Совершает дед обход своего села, без помощи зрения заглядывает в поросшие бурьяном пустые дворы, без помощи слуха улавливает кипение звуков, оживающих в каждом движении людей и орудий труда. Высоко над ним, над временем и пространством, над годами, застыло солнце; оно старается испепеляющим оком заглянуть под ветхую соломенную шляпу, погладить мягкое старческое темя.
Идет дед Димитр, отрешенный от житейских глупостей и мелких забот. Старая, черная кровь упрямо течет в его жилах, помаленьку толкает вперед, бьет в тысячи колоколов при малейшем поспешании, напоминает о том, что каждый шаг приближает его к последнему колокольному звону. Старик это знает, он годами постигал эту премудрость. Много человеческих нив у него на глазах было сжато до времени, много зеленой человеческой поросли высохло и срублено… Сейчас, остановившись перед белой церковью, он созерцает этот высящийся над селом символ вечного. Крест на куполе блестит — велик для людей, мал для неба, — а в центре, в той точке, где сходятся воедино его четыре руки, сияет смутный подвиг Христа.
Подслеповатым глазом старик вглядывается в раскрытые врата храма, в мягкий свет, идущий от икон и паникадил, и ищет в пламени свечей прорастание и засыхание злаков. Здесь истина предельно ясна: пламя горит и превращается в дым, пока не кончится свеча, не угаснет на сухом церковном песке, огороженном бронзовым ободком.
Исчезает стоящая на холме церковь старой человеческой веры. День растворяет ее в своем свете, чтобы снова в утреннем синем сиянии проявить дома и ворота, вернуть им цвет и объем, соединить в общий круг. Вот, взявшись за руки по обе стороны дороги, двинулись они стройным хороводом, и старик, присев на лавку, у ворот старого дома, слышит тяжелый ритм их извечной мелодии…

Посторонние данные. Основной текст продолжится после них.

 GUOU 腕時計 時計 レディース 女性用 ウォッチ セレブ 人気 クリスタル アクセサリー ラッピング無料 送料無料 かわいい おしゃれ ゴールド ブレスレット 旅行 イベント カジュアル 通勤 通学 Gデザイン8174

Вот и люди стали выходить из домов и ворот — молодые, румяные, пышущие здоровьем… живые. И они взялись за руки, и, как дома, закружились в хороводе, только быстрее, проворнее, ощутимей. И животные — коровы и лошади, волы и буйволы, собаки и кошки, овцы и домашняя птица, сбитые с толку всем этим зрелищем, растерявшиеся, без хомутов и уздечек, подойников и колоколец, острых ножей для заклания и полных яслей, оторванные от работы и отдыха, пережевывания корма и пережевывания времени, тоже вышли. Нивы — и те потянулись друг за другом с обширных кооперативных полей, раскроив их на узкие и широкие, длинные и короткие полосы, на квадратные просторные лоскуты, нивы, засеянные различным семенем, огороженные поросшими травой межами, вспоротые плугами и боронами, политые одним дождем, побитые одним градом, обласканные человеческими руками. Животные, люди, дома, нивы стали наступать на старика. И он отпрянул…

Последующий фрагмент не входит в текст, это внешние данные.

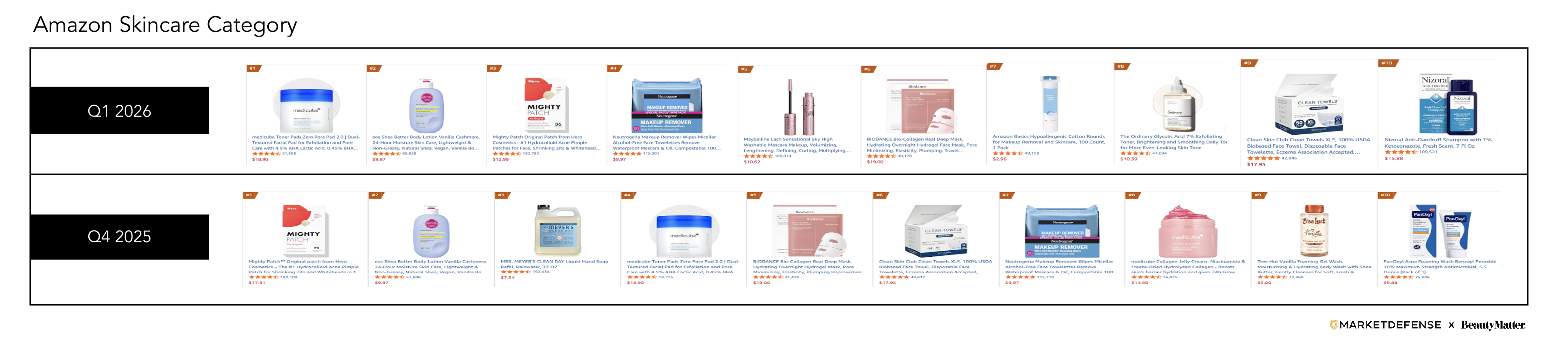 Capping off Q1, Amazon’s Big Spring Sale ran March 25 to 31, and the Top 10 selling beauty products during the event looked very different from the quarter’s overall Top 25. The event was led by new launches from K-beauty brands, with Medicube once again at the top. The brand placed five products in the Top 10 selling beauty products of the Big Spring Sale across pads, masks, creams, serums, and cleansers, with Zero Pore Pads 2.0 taking the #1 position and the Collagen Night Wrapping Mask following at #2.
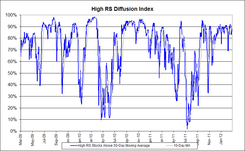 The chart below measures the percentage of high relative strength stocks that are trading above their 50-day moving average (universe of mid and large cap stocks.) As of 3/20/12.
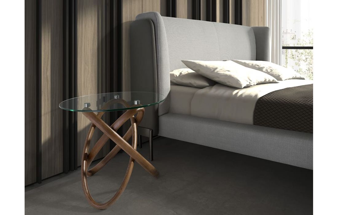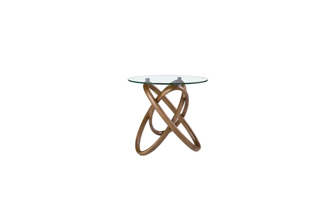 Mesa de canto redonda de design moderno com tampo de vidro temperado e pés em madeira cor de nogueira.Destinatário :

Дед Димитр Столетник поднимает голову и, глянув в добела раскаленное око светила, тут же зажмуривается от холода — солнечный луч, пройдя насквозь, пригвождает его к лавке. Закрыв глаза, старик наклоняет голову в нахлобученной старой соломенной шляпе… Внутри него вдруг забил в ладоши грудной младенец и начал неудержимо расти. Вот он вытянулся, стал ходить, драться, любить и ненавидеть. В жизнь его врывались вихри, врывались люди, а младенец, голенький и розовый, сидел, пригвожденный солнцем к лавке, и сучил ножками. Потом он пухленькими, маленькими ручками принялся отпихивать от себя солнце, вихри, людей и годы, не ведая сам, что творит и чего желает…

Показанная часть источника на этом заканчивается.